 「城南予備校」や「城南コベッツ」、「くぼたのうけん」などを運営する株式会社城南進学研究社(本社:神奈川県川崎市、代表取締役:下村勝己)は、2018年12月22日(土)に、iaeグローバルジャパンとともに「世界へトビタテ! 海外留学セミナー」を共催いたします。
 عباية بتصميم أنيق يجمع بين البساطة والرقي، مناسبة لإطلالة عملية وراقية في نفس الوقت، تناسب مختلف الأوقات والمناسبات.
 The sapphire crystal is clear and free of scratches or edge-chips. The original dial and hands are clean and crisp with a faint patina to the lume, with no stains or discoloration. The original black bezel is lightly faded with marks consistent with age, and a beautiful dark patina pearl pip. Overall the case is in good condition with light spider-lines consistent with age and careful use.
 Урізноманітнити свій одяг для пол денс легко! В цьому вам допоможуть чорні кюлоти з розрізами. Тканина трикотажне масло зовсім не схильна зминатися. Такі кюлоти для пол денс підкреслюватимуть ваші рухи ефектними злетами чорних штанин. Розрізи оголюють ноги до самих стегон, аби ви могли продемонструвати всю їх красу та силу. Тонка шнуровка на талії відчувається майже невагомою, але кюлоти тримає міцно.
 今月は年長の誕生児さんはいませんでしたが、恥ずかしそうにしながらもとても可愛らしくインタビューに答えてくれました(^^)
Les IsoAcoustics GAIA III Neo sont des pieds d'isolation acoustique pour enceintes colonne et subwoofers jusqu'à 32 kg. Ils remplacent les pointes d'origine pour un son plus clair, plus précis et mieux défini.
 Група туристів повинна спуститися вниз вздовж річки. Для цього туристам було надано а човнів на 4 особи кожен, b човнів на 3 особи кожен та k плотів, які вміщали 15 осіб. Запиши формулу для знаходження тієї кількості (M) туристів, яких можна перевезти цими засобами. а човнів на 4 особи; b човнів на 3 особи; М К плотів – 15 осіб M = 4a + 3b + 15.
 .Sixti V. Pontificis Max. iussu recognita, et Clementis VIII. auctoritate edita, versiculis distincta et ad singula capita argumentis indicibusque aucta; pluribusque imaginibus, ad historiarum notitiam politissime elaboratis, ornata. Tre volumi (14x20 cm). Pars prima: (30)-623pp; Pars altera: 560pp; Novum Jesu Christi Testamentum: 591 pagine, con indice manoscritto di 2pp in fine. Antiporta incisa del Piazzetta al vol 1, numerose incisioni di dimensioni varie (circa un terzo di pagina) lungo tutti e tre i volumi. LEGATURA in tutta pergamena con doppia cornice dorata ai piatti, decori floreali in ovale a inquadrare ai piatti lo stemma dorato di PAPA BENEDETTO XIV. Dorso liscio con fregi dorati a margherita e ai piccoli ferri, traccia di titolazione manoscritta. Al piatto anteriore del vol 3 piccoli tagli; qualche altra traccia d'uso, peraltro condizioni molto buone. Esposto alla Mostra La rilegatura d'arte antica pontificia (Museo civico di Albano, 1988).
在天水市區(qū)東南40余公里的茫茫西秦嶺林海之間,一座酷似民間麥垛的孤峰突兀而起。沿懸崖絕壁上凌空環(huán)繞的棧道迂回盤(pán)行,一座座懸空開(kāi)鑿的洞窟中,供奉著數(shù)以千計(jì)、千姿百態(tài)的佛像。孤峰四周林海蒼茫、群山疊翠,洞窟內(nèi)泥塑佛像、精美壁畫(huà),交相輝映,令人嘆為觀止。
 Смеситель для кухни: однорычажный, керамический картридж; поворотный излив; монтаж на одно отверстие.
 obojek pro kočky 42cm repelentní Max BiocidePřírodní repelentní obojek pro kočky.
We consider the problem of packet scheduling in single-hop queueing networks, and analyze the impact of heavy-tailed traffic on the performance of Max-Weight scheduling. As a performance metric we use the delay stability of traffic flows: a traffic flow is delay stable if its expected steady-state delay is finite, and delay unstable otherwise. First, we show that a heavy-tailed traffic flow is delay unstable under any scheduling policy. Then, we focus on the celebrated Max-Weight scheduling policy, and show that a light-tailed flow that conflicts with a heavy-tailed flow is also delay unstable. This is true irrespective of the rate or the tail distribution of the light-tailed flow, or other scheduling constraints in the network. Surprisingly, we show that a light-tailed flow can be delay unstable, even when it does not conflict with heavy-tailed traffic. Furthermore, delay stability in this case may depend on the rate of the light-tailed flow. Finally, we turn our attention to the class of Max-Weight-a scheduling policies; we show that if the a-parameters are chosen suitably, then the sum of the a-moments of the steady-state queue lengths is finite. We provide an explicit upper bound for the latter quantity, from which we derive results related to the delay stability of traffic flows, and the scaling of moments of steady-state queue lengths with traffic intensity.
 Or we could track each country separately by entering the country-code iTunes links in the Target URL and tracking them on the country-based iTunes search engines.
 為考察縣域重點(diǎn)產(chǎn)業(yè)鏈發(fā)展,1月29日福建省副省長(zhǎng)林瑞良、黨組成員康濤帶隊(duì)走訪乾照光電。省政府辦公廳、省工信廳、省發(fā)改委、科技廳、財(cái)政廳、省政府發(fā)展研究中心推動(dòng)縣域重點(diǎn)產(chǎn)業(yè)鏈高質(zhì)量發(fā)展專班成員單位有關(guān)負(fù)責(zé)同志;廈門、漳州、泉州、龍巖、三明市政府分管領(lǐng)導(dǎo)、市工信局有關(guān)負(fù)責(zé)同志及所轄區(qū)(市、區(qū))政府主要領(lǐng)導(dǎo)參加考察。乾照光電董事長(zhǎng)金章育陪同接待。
----------
▶ Task directions: Print out an identical copy of the whole listing.

▶ Task response:
 「城南予備校」や「城南コベッツ」、「くぼたのうけん」などを運営する株式会社城南進学研究社(本社:神奈川県川崎市、代表取締役:下村勝己)は、2018年12月22日(土)に、iaeグローバルジャパンとともに「世界へトビタテ! 海外留学セミナー」を共催いたします。
 عباية بتصميم أنيق يجمع بين البساطة والرقي، مناسبة لإطلالة عملية وراقية في نفس الوقت، تناسب مختلف الأوقات والمناسبات.
 The sapphire crystal is clear and free of scratches or edge-chips. The original dial and hands are clean and crisp with a faint patina to the lume, with no stains or discoloration. The original black bezel is lightly faded with marks consistent with age, and a beautiful dark patina pearl pip. Overall the case is in good condition with light spider-lines consistent with age and careful use.
 Урізноманітнити свій одяг для пол денс легко! В цьому вам допоможуть чорні кюлоти з розрізами. Тканина трикотажне масло зовсім не схильна зминатися. Такі кюлоти для пол денс підкреслюватимуть ваші рухи ефектними злетами чорних штанин. Розрізи оголюють ноги до самих стегон, аби ви могли продемонструвати всю їх красу та силу. Тонка шнуровка на талії відчувається майже невагомою, але кюлоти тримає міцно.
 今月は年長の誕生児さんはいませんでしたが、恥ずかしそうにしながらもとても可愛らしくインタビューに答えてくれました(^^)
Les IsoAcoustics GAIA III Neo sont des pieds d'isolation acoustique pour enceintes colonne et subwoofers jusqu'à 32 kg. Ils remplacent les pointes d'origine pour un son plus clair, plus précis et mieux défini.
 Група туристів повинна спуститися вниз вздовж річки. Для цього туристам було надано а човнів на 4 особи кожен, b човнів на 3 особи кожен та k плотів, які вміщали 15 осіб. Запиши формулу для знаходження тієї кількості (M) туристів, яких можна перевезти цими засобами. а човнів на 4 особи; b човнів на 3 особи; М К плотів – 15 осіб M = 4a + 3b + 15.
 .Sixti V. Pontificis Max. iussu recognita, et Clementis VIII. auctoritate edita, versiculis distincta et ad singula capita argumentis indicibusque aucta; pluribusque imaginibus, ad historiarum notitiam politissime elaboratis, ornata. Tre volumi (14x20 cm). Pars prima: (30)-623pp; Pars altera: 560pp; Novum Jesu Christi Testamentum: 591 pagine, con indice manoscritto di 2pp in fine. Antiporta incisa del Piazzetta al vol 1, numerose incisioni di dimensioni varie (circa un terzo di pagina) lungo tutti e tre i volumi. LEGATURA in tutta pergamena con doppia cornice dorata ai piatti, decori floreali in ovale a inquadrare ai piatti lo stemma dorato di PAPA BENEDETTO XIV. Dorso liscio con fregi dorati a margherita e ai piccoli ferri, traccia di titolazione manoscritta. Al piatto anteriore del vol 3 piccoli tagli; qualche altra traccia d'uso, peraltro condizioni molto buone. Esposto alla Mostra La rilegatura d'arte antica pontificia (Museo civico di Albano, 1988).
在天水市區(qū)東南40余公里的茫茫西秦嶺林海之間,一座酷似民間麥垛的孤峰突兀而起。沿懸崖絕壁上凌空環(huán)繞的棧道迂回盤(pán)行,一座座懸空開(kāi)鑿的洞窟中,供奉著數(shù)以千計(jì)、千姿百態(tài)的佛像。孤峰四周林海蒼茫、群山疊翠,洞窟內(nèi)泥塑佛像、精美壁畫(huà),交相輝映,令人嘆為觀止。
 Смеситель для кухни: однорычажный, керамический картридж; поворотный излив; монтаж на одно отверстие.
 obojek pro kočky 42cm repelentní Max BiocidePřírodní repelentní obojek pro kočky.
We consider the problem of packet scheduling in single-hop queueing networks, and analyze the impact of heavy-tailed traffic on the performance of Max-Weight scheduling. As a performance metric we use the delay stability of traffic flows: a traffic flow is delay stable if its expected steady-state delay is finite, and delay unstable otherwise. First, we show that a heavy-tailed traffic flow is delay unstable under any scheduling policy. Then, we focus on the celebrated Max-Weight scheduling policy, and show that a light-tailed flow that conflicts with a heavy-tailed flow is also delay unstable. This is true irrespective of the rate or the tail distribution of the light-tailed flow, or other scheduling constraints in the network. Surprisingly, we show that a light-tailed flow can be delay unstable, even when it does not conflict with heavy-tailed traffic. Furthermore, delay stability in this case may depend on the rate of the light-tailed flow. Finally, we turn our attention to the class of Max-Weight-a scheduling policies; we show that if the a-parameters are chosen suitably, then the sum of the a-moments of the steady-state queue lengths is finite. We provide an explicit upper bound for the latter quantity, from which we derive results related to the delay stability of traffic flows, and the scaling of moments of steady-state queue lengths with traffic intensity.
 Or we could track each country separately by entering the country-code iTunes links in the Target URL and tracking them on the country-based iTunes search engines.
 為考察縣域重點(diǎn)產(chǎn)業(yè)鏈發(fā)展,1月29日福建省副省長(zhǎng)林瑞良、黨組成員康濤帶隊(duì)走訪乾照光電。省政府辦公廳、省工信廳、省發(fā)改委、科技廳、財(cái)政廳、省政府發(fā)展研究中心推動(dòng)縣域重點(diǎn)產(chǎn)業(yè)鏈高質(zhì)量發(fā)展專班成員單位有關(guān)負(fù)責(zé)同志;廈門、漳州、泉州、龍巖、三明市政府分管領(lǐng)導(dǎo)、市工信局有關(guān)負(fù)責(zé)同志及所轄區(qū)(市、區(qū))政府主要領(lǐng)導(dǎo)參加考察。乾照光電董事長(zhǎng)金章育陪同接待。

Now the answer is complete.